» **TO DO**: Copy task, pictures excluded: set down exactly the lines from the one containing "On P.S. I Love" to the end of the data below.

[Data records]
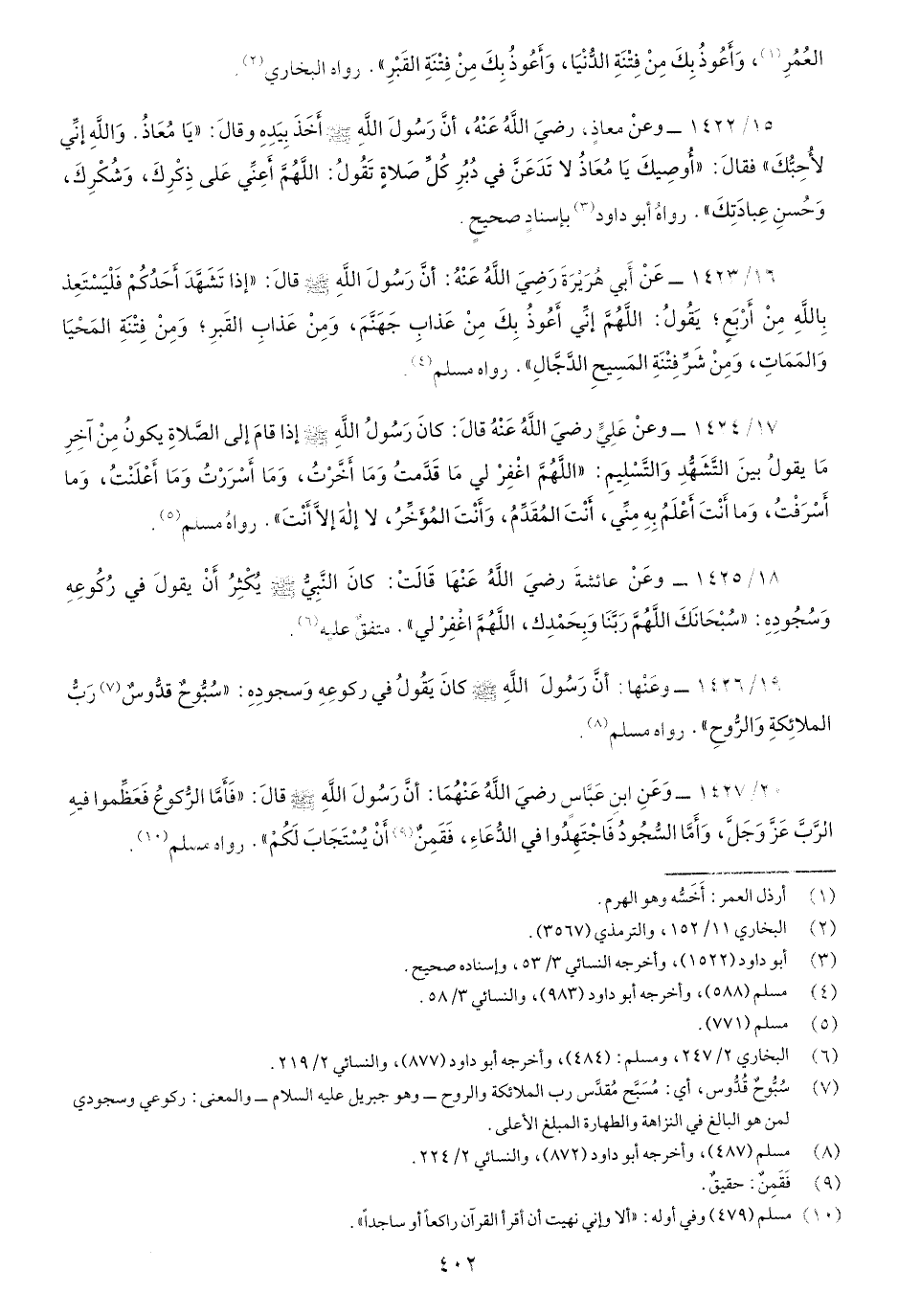 16/1423- عنْ أبي هُريْرة رضي اللَّه عَنْهُ أنَّ رسُولَ اللَّهِ صَلّى اللهُ عَلَيْهِ وسَلَّم قَالَ: "إِذَا تَشَهَّد أَحدُكُمْ فَليسْتَعِذ بِاللَّه مِنْ أرْبَع، يقولُ: اللَّهُمَّ إنِّي أعُوذُ بِكَ مِنْ عذَابِ جهَنَّمَ، وَمِنْ عَذَابِ القَبرِ، وَمِنْ فِتْنةِ المحْيَا والمَماتِ، وَمِنْ شَرِّ فِتْنَةِ المَسِيح الدَّجَّالِ". رواه مسلم.
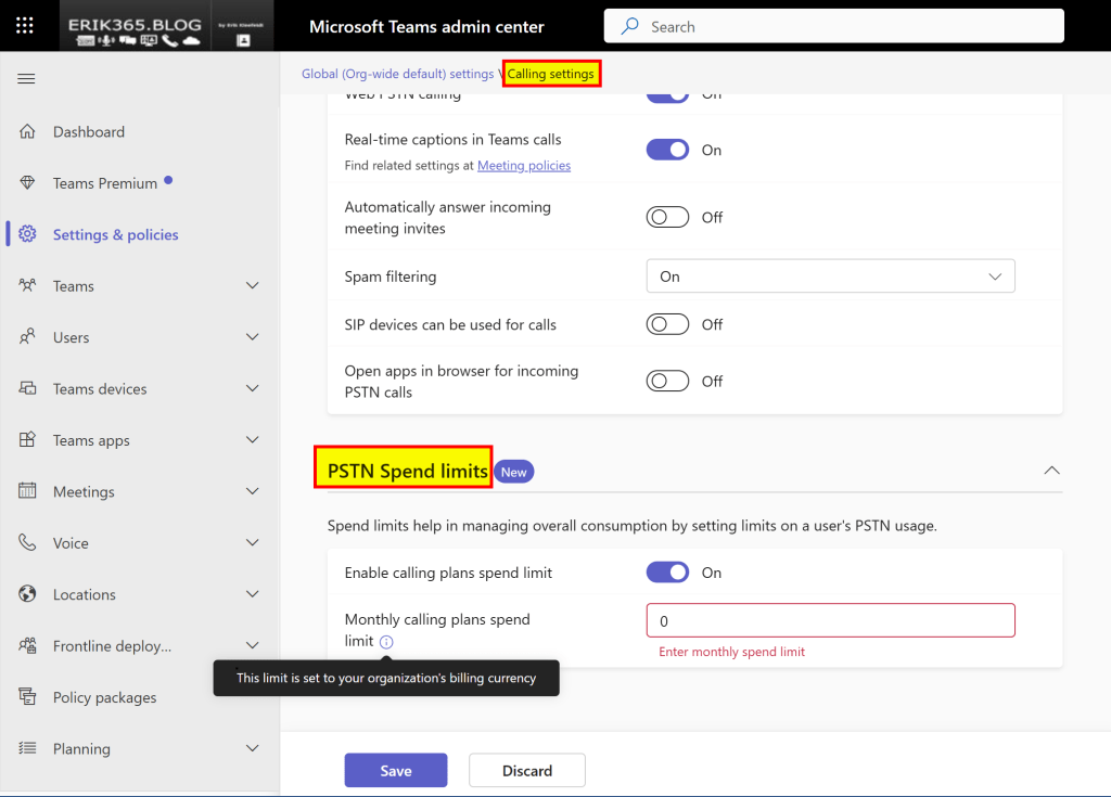In this post I like to highlight that a new configuration option for calling plans appeared in the Microsoft Teams Admin Center. To be more precise, in the calling policies. As you can see in the screenshot below [May 2025]: Now you can configure PSTN Spend limits to set a monthly limit the overall consumption – and costs – for making PSTN calls beyond the included calling plan amount.
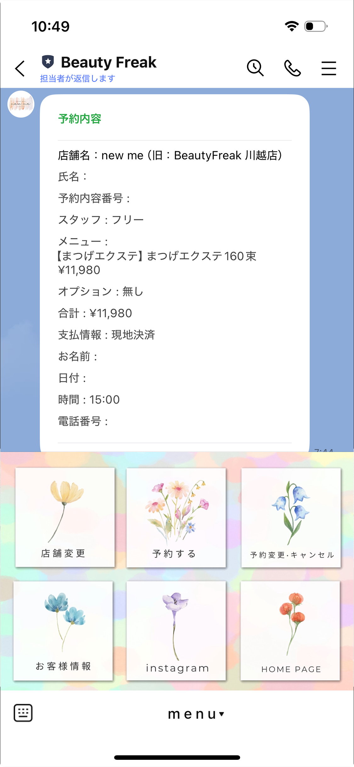 LINEの予約システムを使ってご来店希望の日時にてご予約くださいませ。
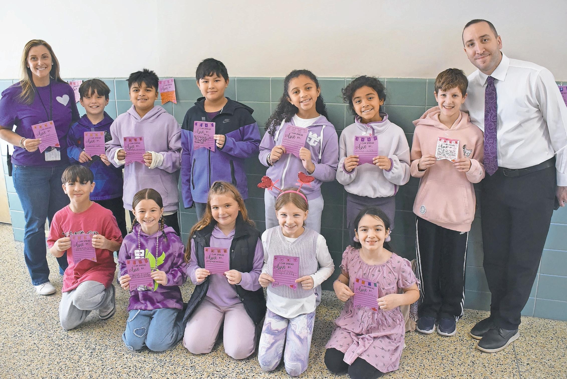 On P.S. I Love You Day, Feb. 13, Seaford Manor Elementary School students showed off their notes listing acts of kindness, joined by social worker Jennifer DiMieri, far left, and Assistant Principal Rich Schwartz.
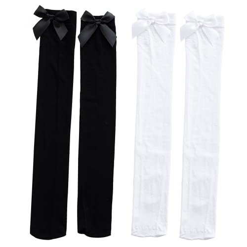 2 Pairs Knee High Socks Thigh High Stockings,Black and White Knee High Bow Socks Women's Knee-High Socks Frilly Ribbons Bow Long Socks for Women Over The Knee
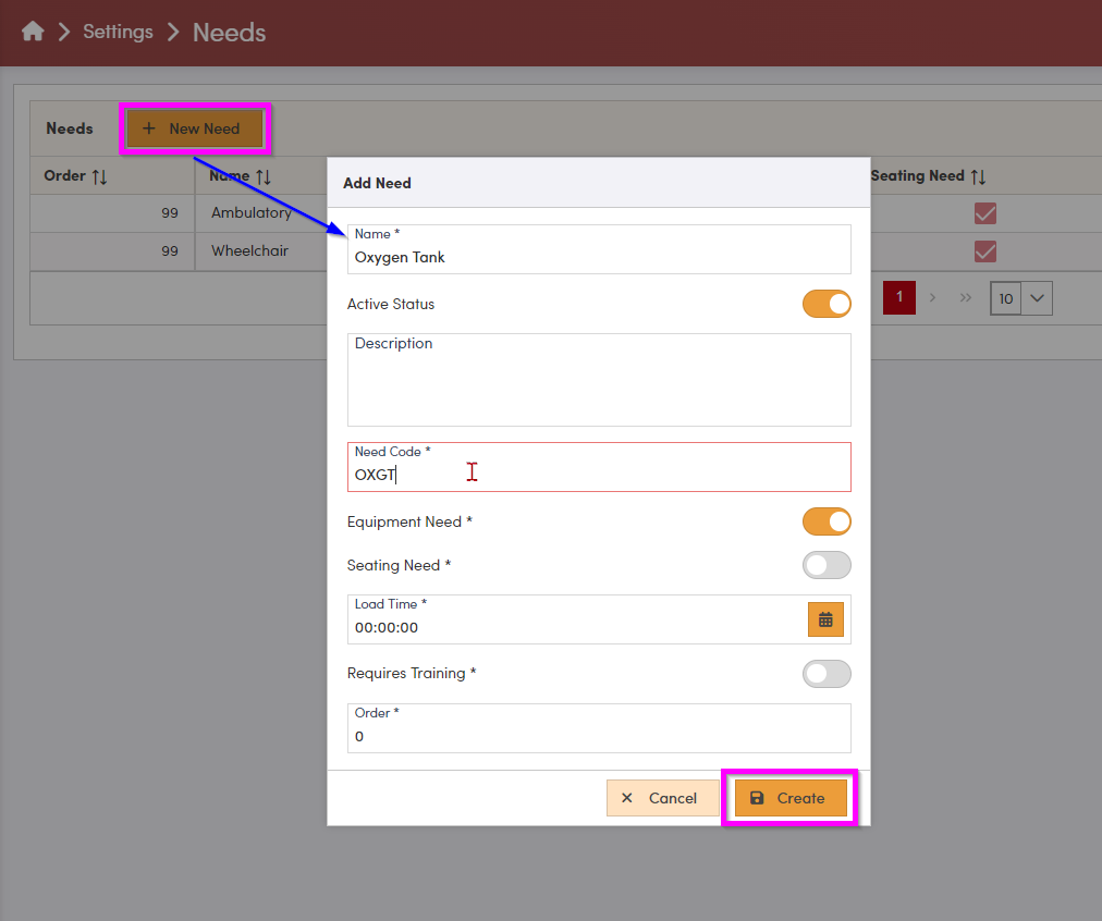 Be sure to mark whether or not you're creating a Seating Need or Equipment Need. Seating Needs indicate what kind of Seat a passenger will occupy in a vehicle.
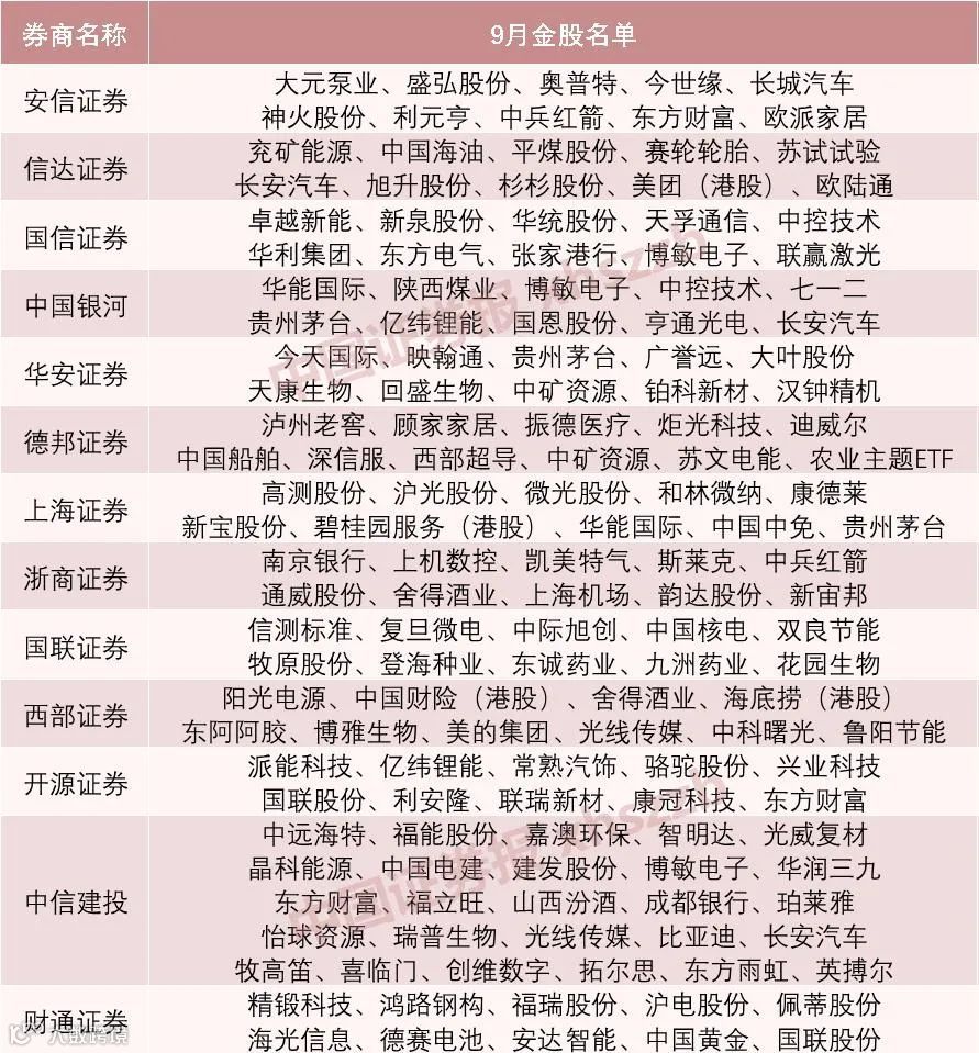 券商9月“金股”来了,这些股票被推荐次数居前(附名单)
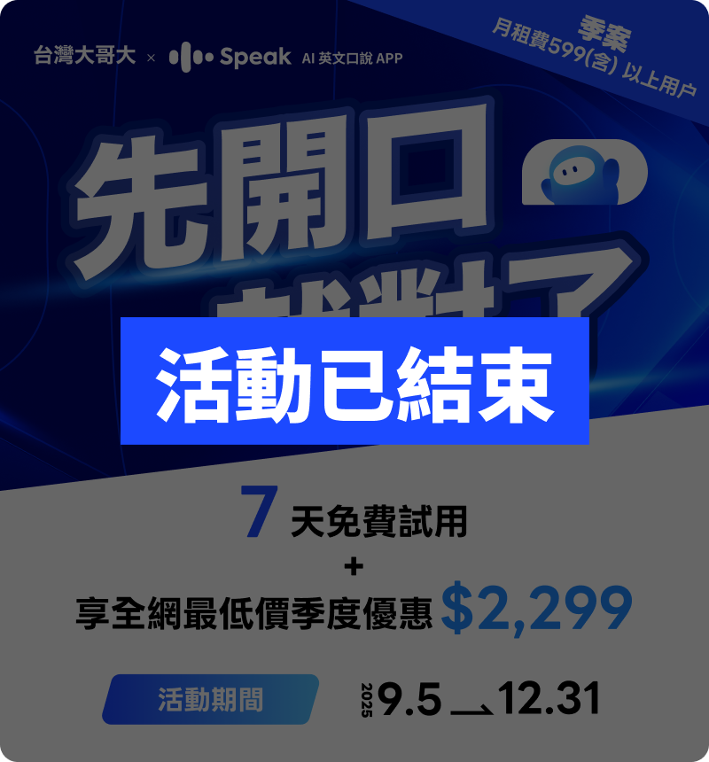 這次的季度方案是針對新用戶或尚未訂閱的使用者所設計,無法直接套用在現有訂閱上。如果你希望使用此優惠,需待訂閱期結束後再進行購買。若你不確定目前的帳號狀態,歡迎聯絡 Speak 中文客服團隊,我們會協助你進一步確認!

» **YOUR SOLUTION**:
 On P.S. I Love You Day, Feb. 13, Seaford Manor Elementary School students showed off their notes listing acts of kindness, joined by social worker Jennifer DiMieri, far left, and Assistant Principal Rich Schwartz.
 2 Pairs Knee High Socks Thigh High Stockings,Black and White Knee High Bow Socks Women's Knee-High Socks Frilly Ribbons Bow Long Socks for Women Over The Knee
 Be sure to mark whether or not you're creating a Seating Need or Equipment Need. Seating Needs indicate what kind of Seat a passenger will occupy in a vehicle.
 券商9月“金股”来了,这些股票被推荐次数居前(附名单)
 這次的季度方案是針對新用戶或尚未訂閱的使用者所設計,無法直接套用在現有訂閱上。如果你希望使用此優惠,需待訂閱期結束後再進行購買。若你不確定目前的帳號狀態,歡迎聯絡 Speak 中文客服團隊,我們會協助你進一步確認!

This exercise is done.